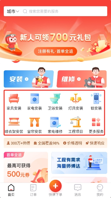 庞大的工人资源:我们拥有超10万名优质技术工人,服务网络覆盖全国600个城市以及3000多个区县。
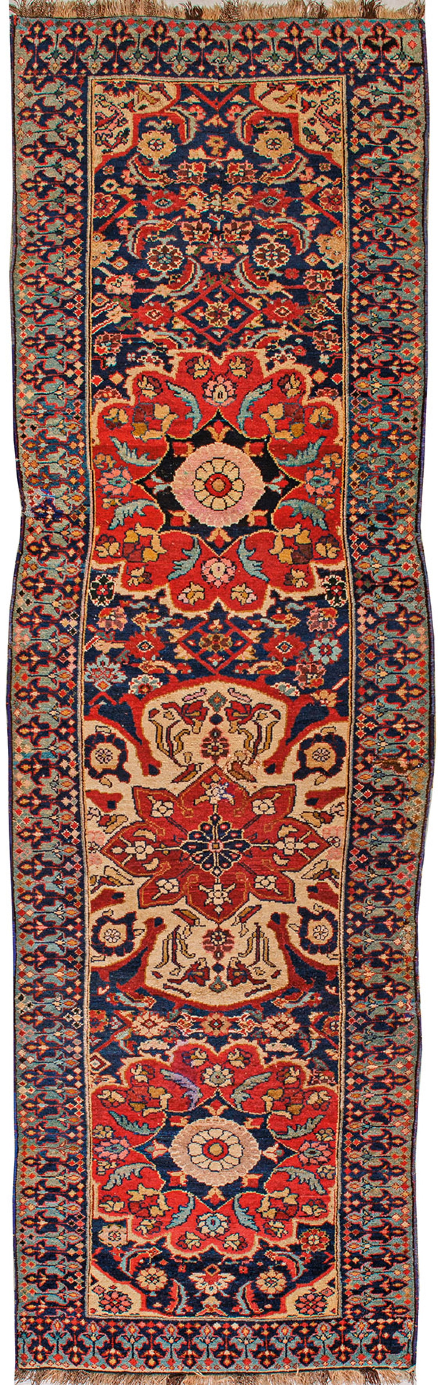 Kaukasus. Wolle auf Wolle. Im dunkelblauen Innenfeld drei große beige- bzw. rotgrundige Medaillons. Flächendeckende Musterung aus Blattwerk und Blütenrosetten. Umlaufend breite Ornamentbordüre. Rep.; 394 cm x 125 cm.
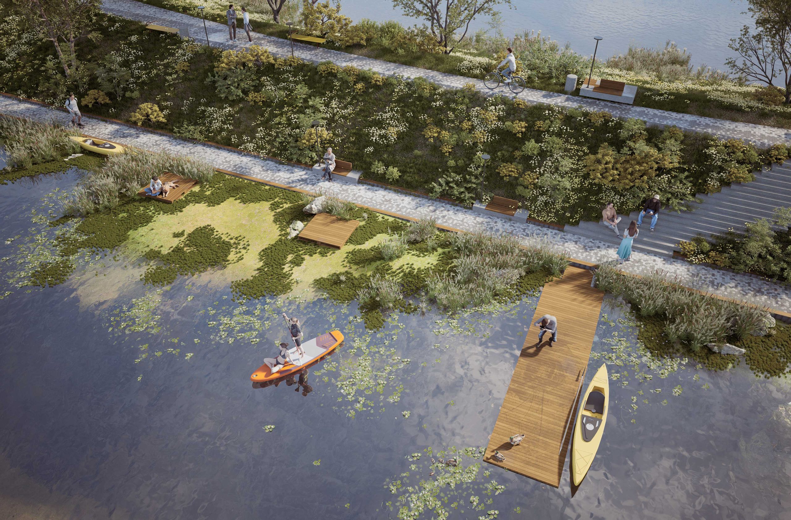 Nowa przestrzeń publiczna, obejmująca promenadę wzdłuż Jeziorki oraz szlak przyrodniczy w obrębie planowanego zbiornika wody
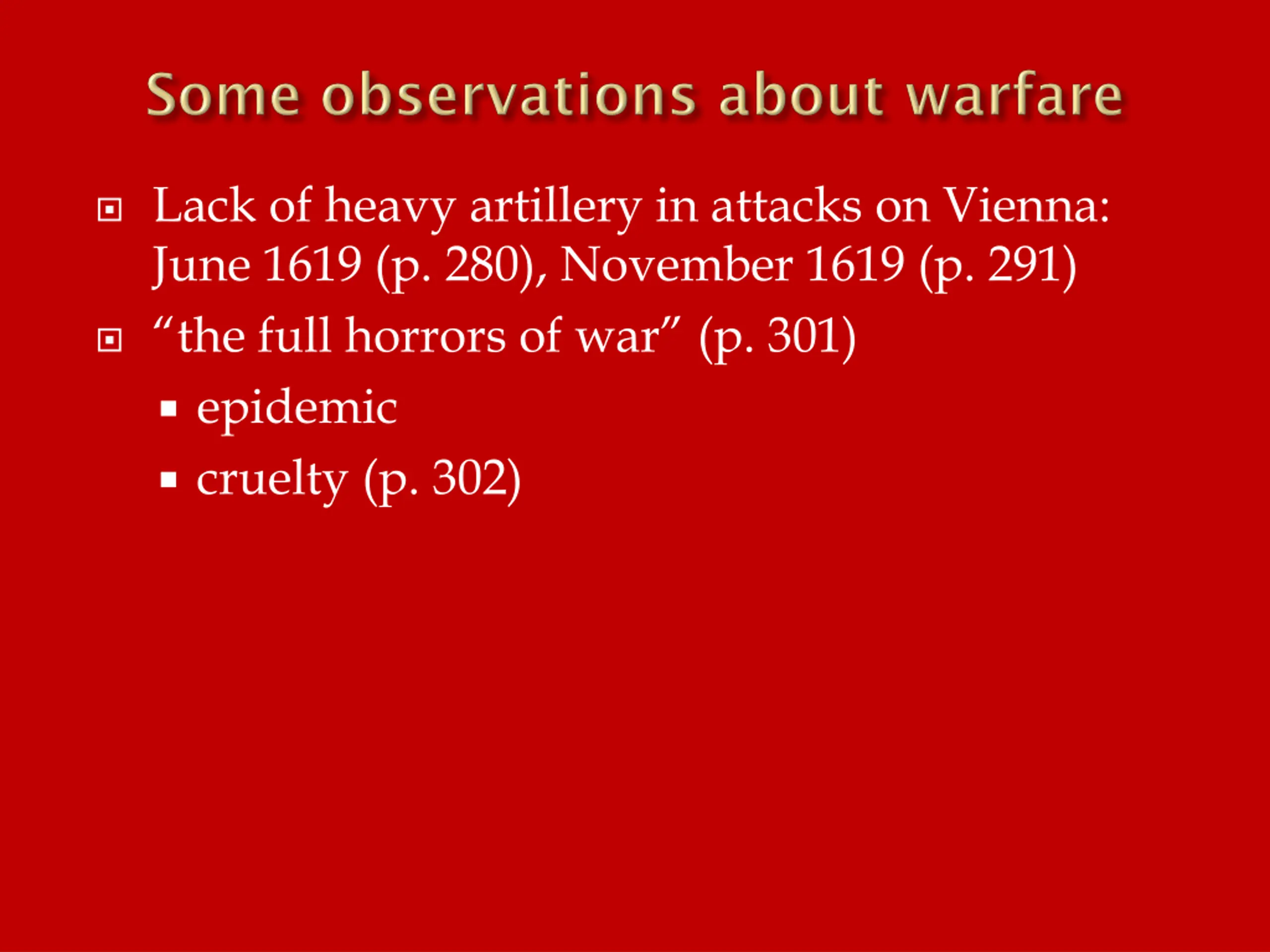 Lack of heavy artillery in attacks on Vienna: June 1619 (p. 280), November 1619 (p. 291) the full horrors of war (p. 301) epidemic cruelty (p. 302)
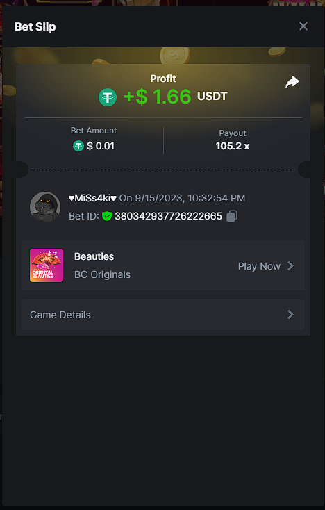 Moderator Giandreas Posted September 15, 2023 Moderator Share Posted September 15, 2023 Read Carefully Before Start To Hunt Forum Daily Challenges #359 Oriental BeautiesHunt : Oriental Beauties Win the highest pay out Min Payout : x20 Min Level 4️Duration Starting : Now End time : 23.59 UTC Time How to Join? Make screenshot + paste your bet link + UID or Profile link Any coin, with min bet 0.01 USD is allowed (jb/bb/bcl not allowed)Reward Prizes 1st Place.....$7 BCD 2nd Place.....$5 BCD 3rd Place.....$4 BCD 4th Place.....$3 BCD 5th Place.....$2 BCD 🏵 Winners will be announcing next day after Roll Point! 1 Link to comment Share on other sites More sharing options...
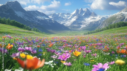 Breathtaking view of colorful blooms complemented by towering mountain peaks.
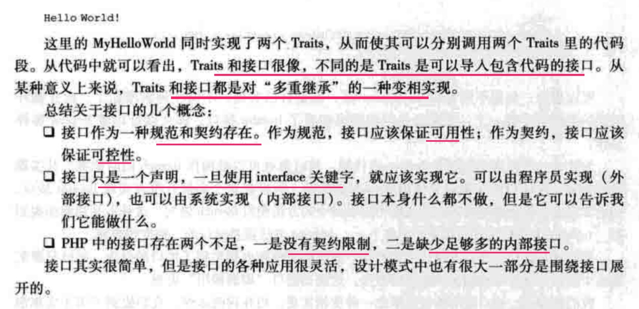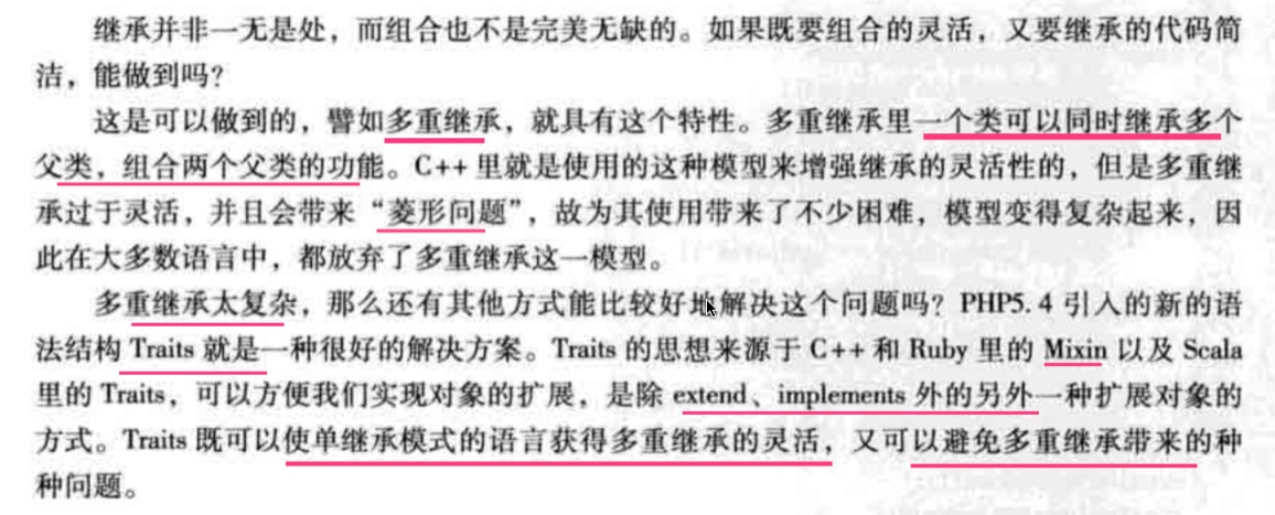 接口是对多重继承的一种变相实现,trait 可以被视为一种加强型接口。
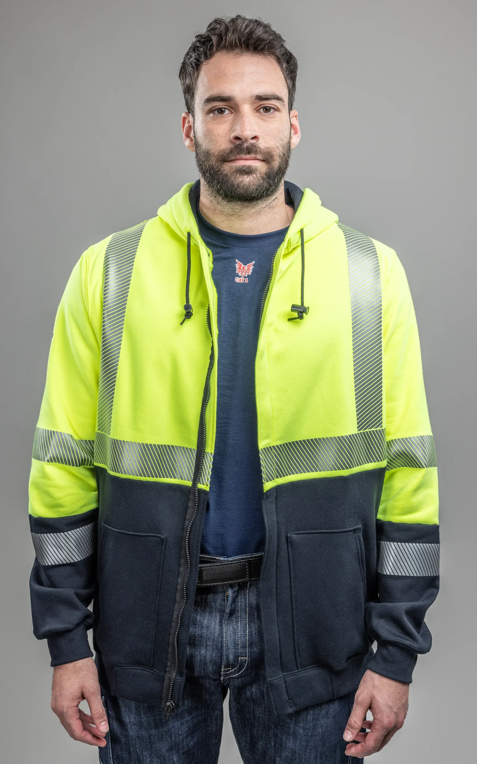 DriFire FR Hi-Vis Hybrid Zip Hoodie Class 3 with DOE Logo SWSHEHZC3-PTX
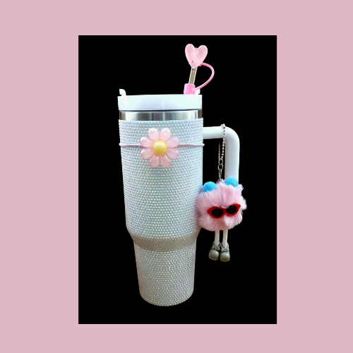 Available in beautiful sparkling colors, these large tumblers are perfect for enjoying your favorite drink all day long in style. It comes neatly packed in a box with an accessory kit, making it even more unique and a great gift idea! Each tumbler includes a convenient stainless steel straw and a plastic straw for easy sipping. If bling is your thing and being very extra, then this tumbler is a must have!!
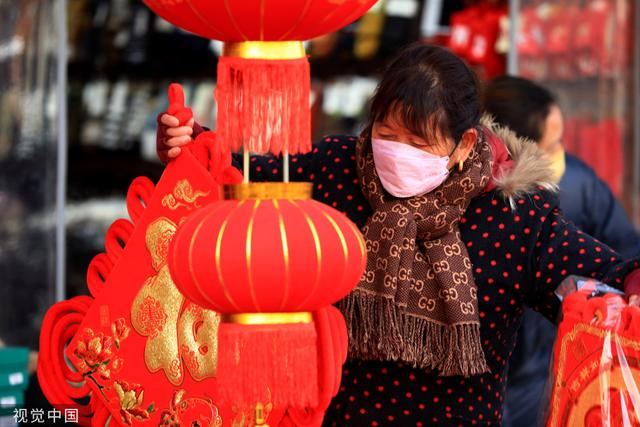 1月7日,江苏省淮安市汇通小商品市场内,市民选购各类新年饰品。春节临近,淮安市汇通小商品市场进入节日饰品的购销旺季,红双喜、福字、红灯笼、春联、中国节、兔年生肖饰品等受到顾客青睐。图片来源:周长国/视觉中国
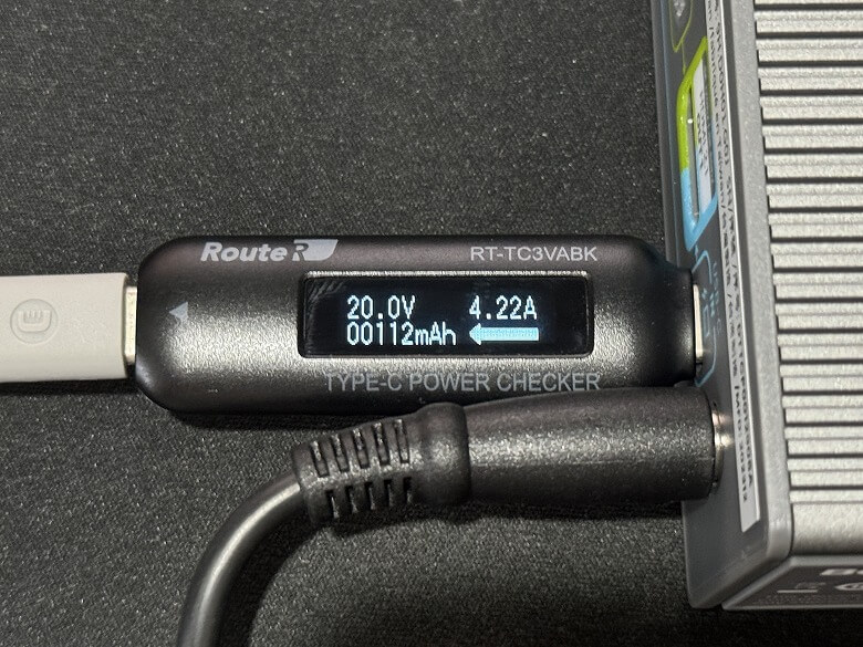 - ノートPC(PD 100W):20.0V × 4.22A = 約84.40W
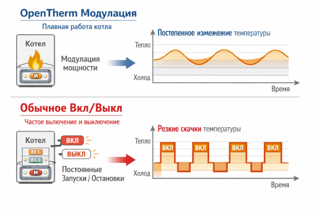Если OpenTherm нет, обычный режим включения/выключения — котел всегда работает на полную мощность и потом отключается, — именно это быстро изнашивает котел. Поэтому термостаты без OpenTherm иногда могут работать в режиме, который «портит» котел, а панели вроде Smart Link с поддержкой OpenTherm наоборот сохраняют ресурс котла. <— Вот так говорит ИИ.
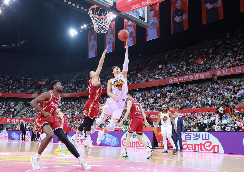 4月30日,深圳隊孫浩欽(中)在比賽中上籃。新華社發(彭志剛攝)
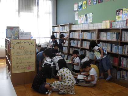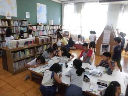 久しぶりに図書室へ行き,好きの本を読んだり借りたりしました。ちょうど5年生が調べ学習中でしたが,お互い静かに過ごすことができました。場に応じた行動ができることも大きな成長です。
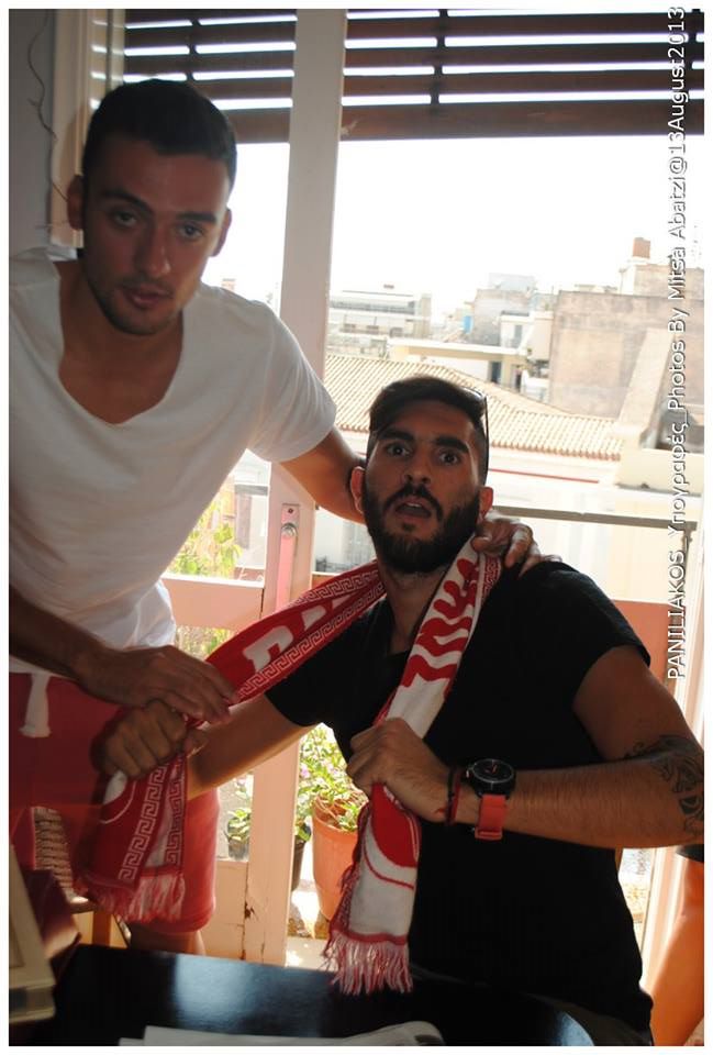 • Στη φωτό – φορώντας το κασκόλ του Πανηλειακού, με άλλο ένα από τα μεταγραφικά αποκτήματα (είχε ανακοινωθεί από τις προηγούμενες μέρες), τον Δημήτρη Μαρτίνο, που το Σάββατο υπέγραψε κι αυτός.
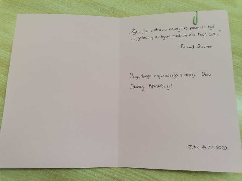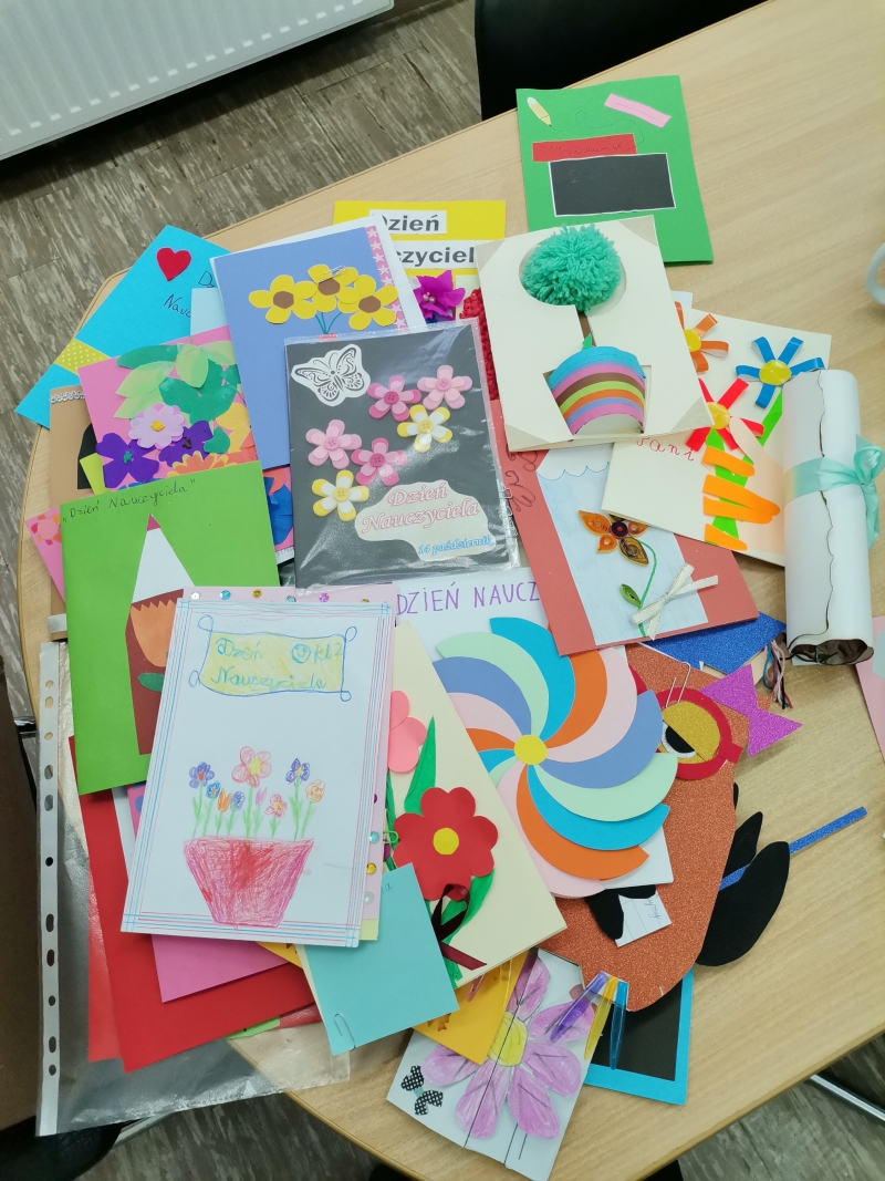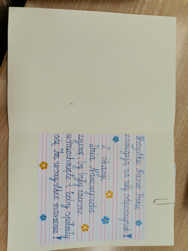 Z okazji Dnia Edukacji Narodowej Samorząd Uczniowski wraz z opiekunem p. Eweliną Kuś-Kręciwilk zorganizował konkurs na najpiękniejszą kartkę z życzeniami. Wiele pięknych konkursowych prac wpłynęło, a jury (człnkowie SU i p. Małgorzata Knop) miało "twardy orzech do zgryzienia" przy wyborze tych najpiękniejszych. Po długich obradach uzgodniono, iż w kategorii:

PROBLEM ->
Would you copy out, exactly and with no pictures, only the lines above from the one that contains "Kaukasus. Wolle auf" through the one that contains "Lack of heavy"?

ANSWER SPACE ->
 Kaukasus. Wolle auf Wolle. Im dunkelblauen Innenfeld drei große beige- bzw. rotgrundige Medaillons. Flächendeckende Musterung aus Blattwerk und Blütenrosetten. Umlaufend breite Ornamentbordüre. Rep.; 394 cm x 125 cm.
 Nowa przestrzeń publiczna, obejmująca promenadę wzdłuż Jeziorki oraz szlak przyrodniczy w obrębie planowanego zbiornika wody
 Lack of heavy artillery in attacks on Vienna: June 1619 (p. 280), November 1619 (p. 291) the full horrors of war (p. 301) epidemic cruelty (p. 302)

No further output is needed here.